Over the course of the next month, we brutalized both the Midnight Express and the team of Sting and Luger. By November 21, however, I found out that Jimmy Crockett was the one who had suffered the greatest beating of all. Bankruptcy.

In a panic, Crockett called upon the mighty Ted Turner, owner of WTBS and CNN, to bail him out. In an unprecedented move, Turner bought the flagging Jim Crockett Promotions and all of its assets, laying to rest the fifty-seven-year-old tradition of Mid-Atlantic Championship Wrestling. In an effort to rebrand the product, Turner renamed his new organization after its flagship show,
World Championship Wrestling
, and hence WCW was born.

To his credit, though, for the most part, Turner came on board to maintain the NWA product as it already was, and nobody lost their jobs. Aside from some basic aesthetic changes, like ring and logo redesigns, the company seamlessly kept doing business as usual.

WCW was now the consolidated effort of Ted Turner himself, who always enjoyed the high ratings
World Championship Wrestling
brought to TBS for such a low production cost. Turner also had it out for Vince McMahon ever since the Black Saturday fiasco when the Briscos had sold out their majority share of GCW stock to him back in ’84.

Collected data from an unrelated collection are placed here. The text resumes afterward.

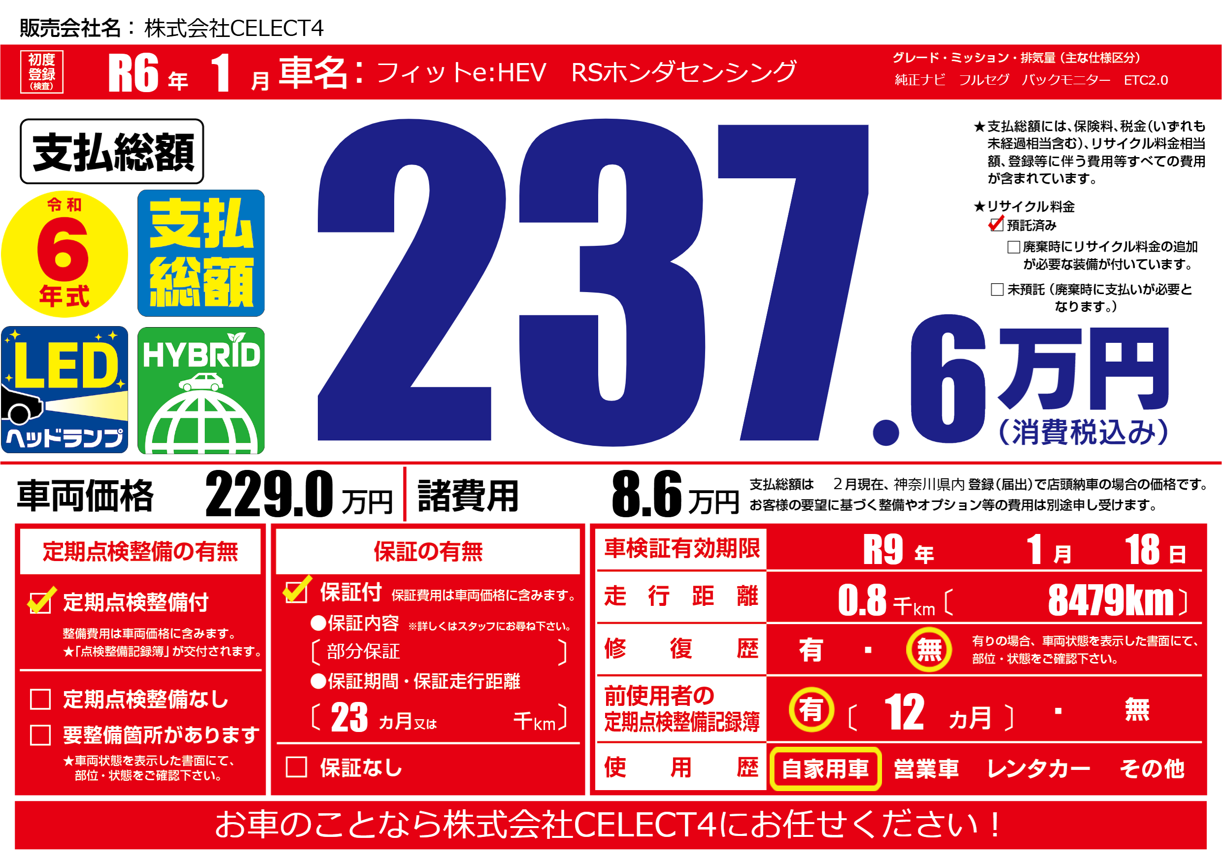 | 車名 | フィットe:HEV RSホンダセンシング | グレード ミッション 排気量 |
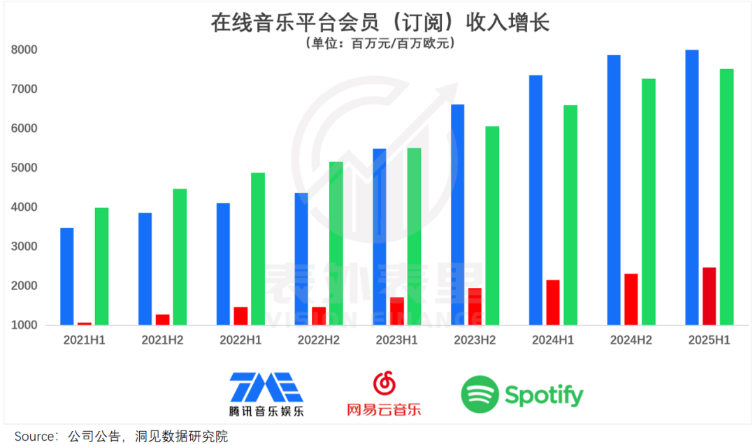 二季度,Spotify、腾讯音乐(TME)、网易云音乐集体迎来订阅用户增长,其中TME付费用户突破1.244亿人(同比增长6.3%),网易云订阅收入15.2%的涨幅也主要系“会员订阅规模拉动”。
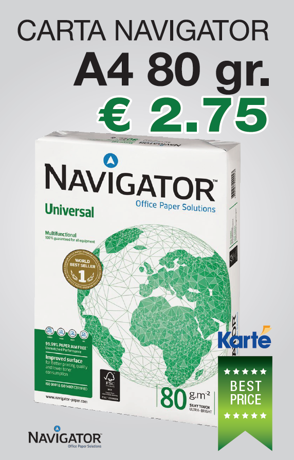 Aumenta la produttività del tuo ufficio con i Best Price nei negozi Karté! Dal 1° al 30 Marzo 2015 Carta Navigator A4 80gr.
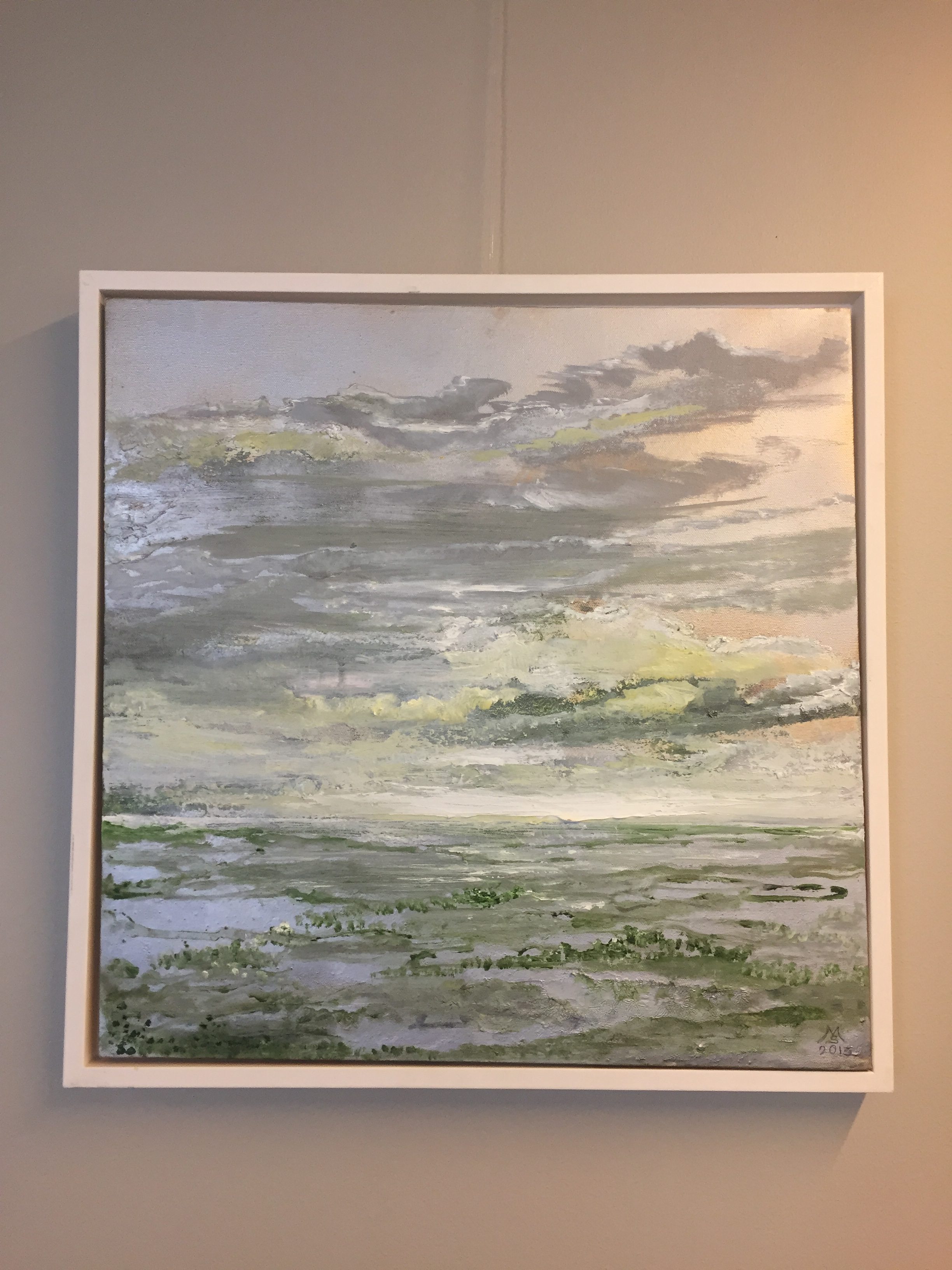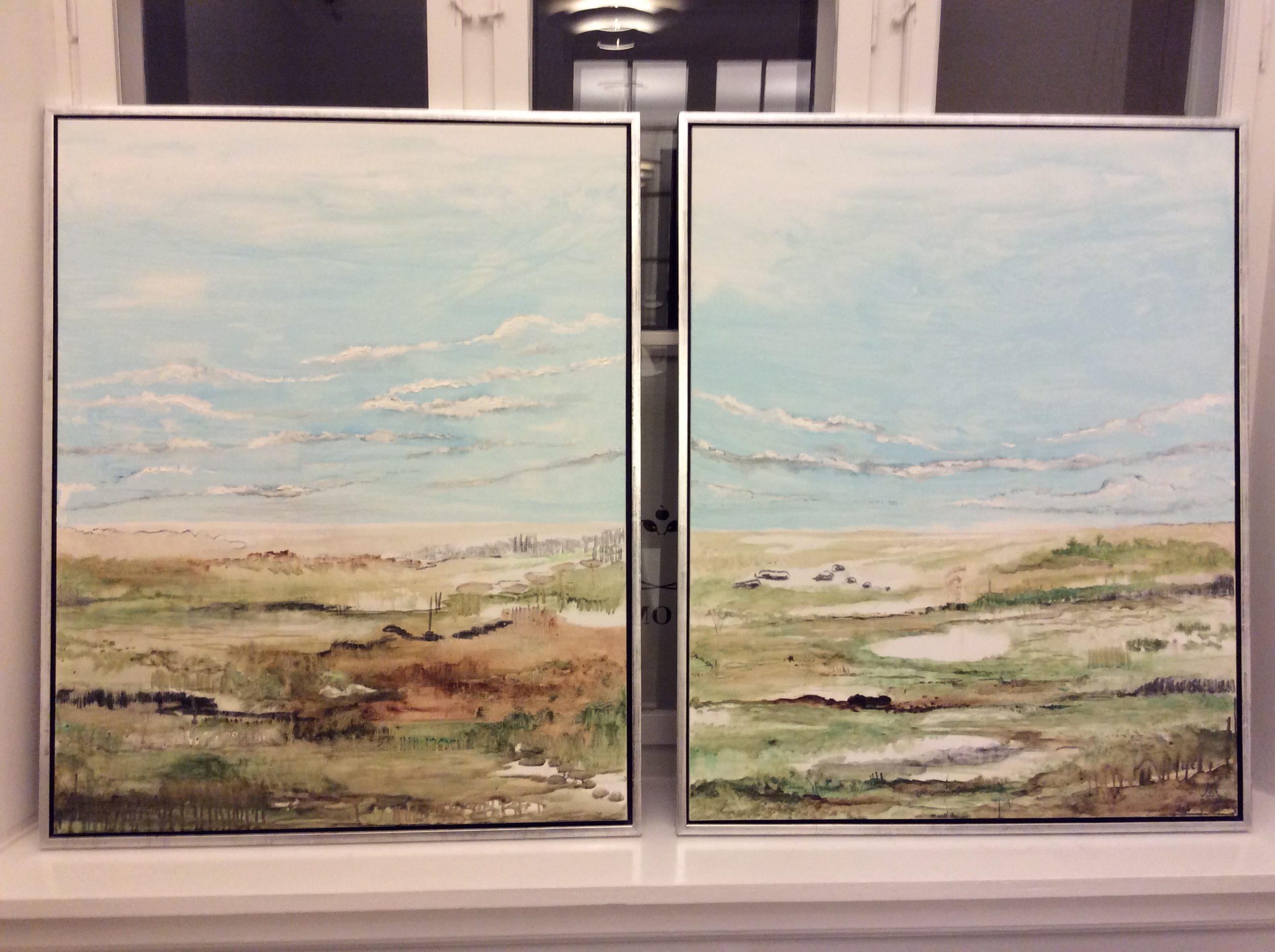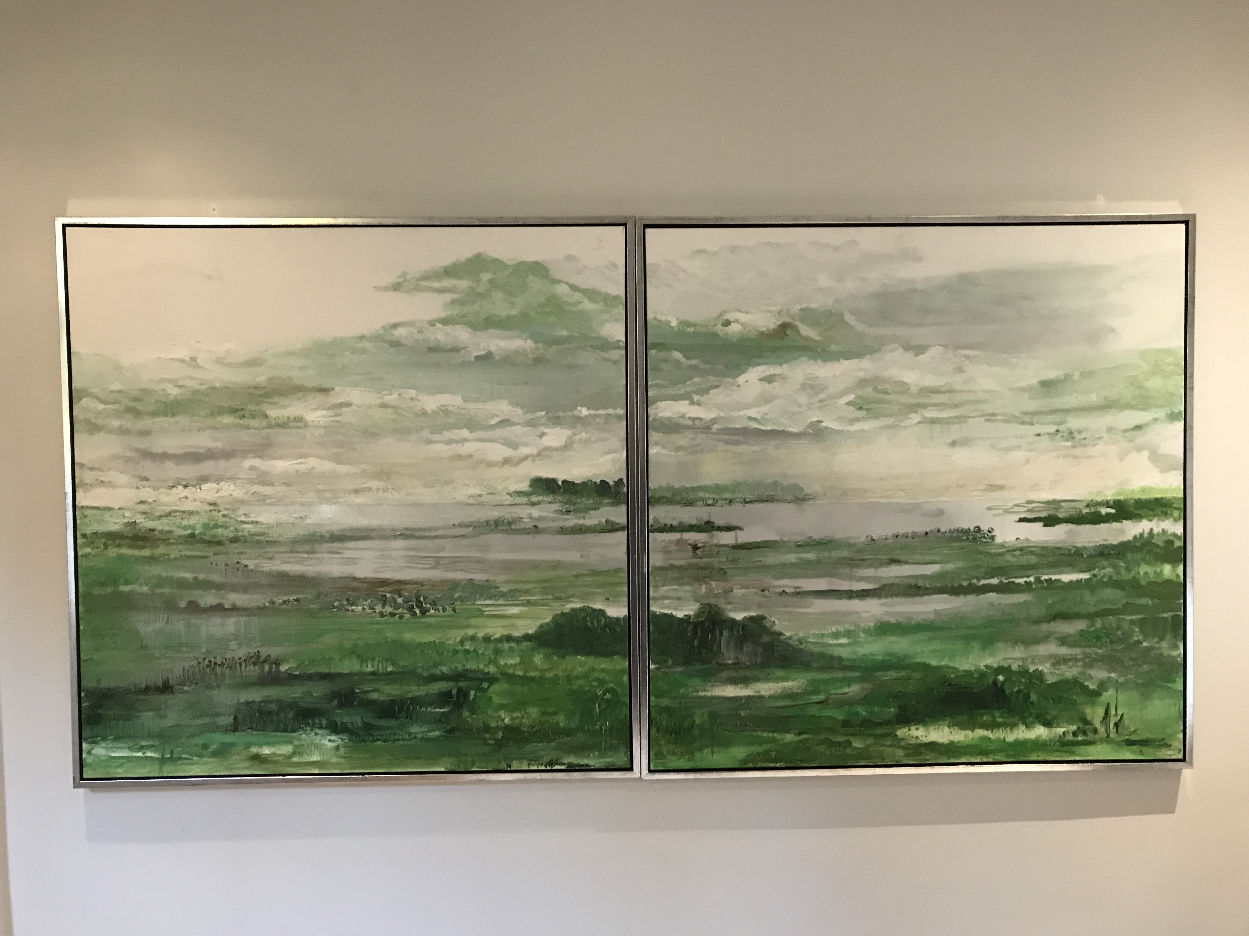 Grønt og godt for øjet – lyset i Vendsyssel. Olie/ sølvlak på lærred. Dobbeltbillede 2 x (100×100 cm) (2018)

However, with the purchase of Crockett Promotions, Turner himself handed down some regulations to make the show more family friendly. When the new WCW rule book came down the pike into the hands of Dusty, I think he got frustrated with the corporate interference. In response, Rhodes decided to make a statement the best way he personally knew how, and for our old friend and trusted booker, it proved to be a fatal move.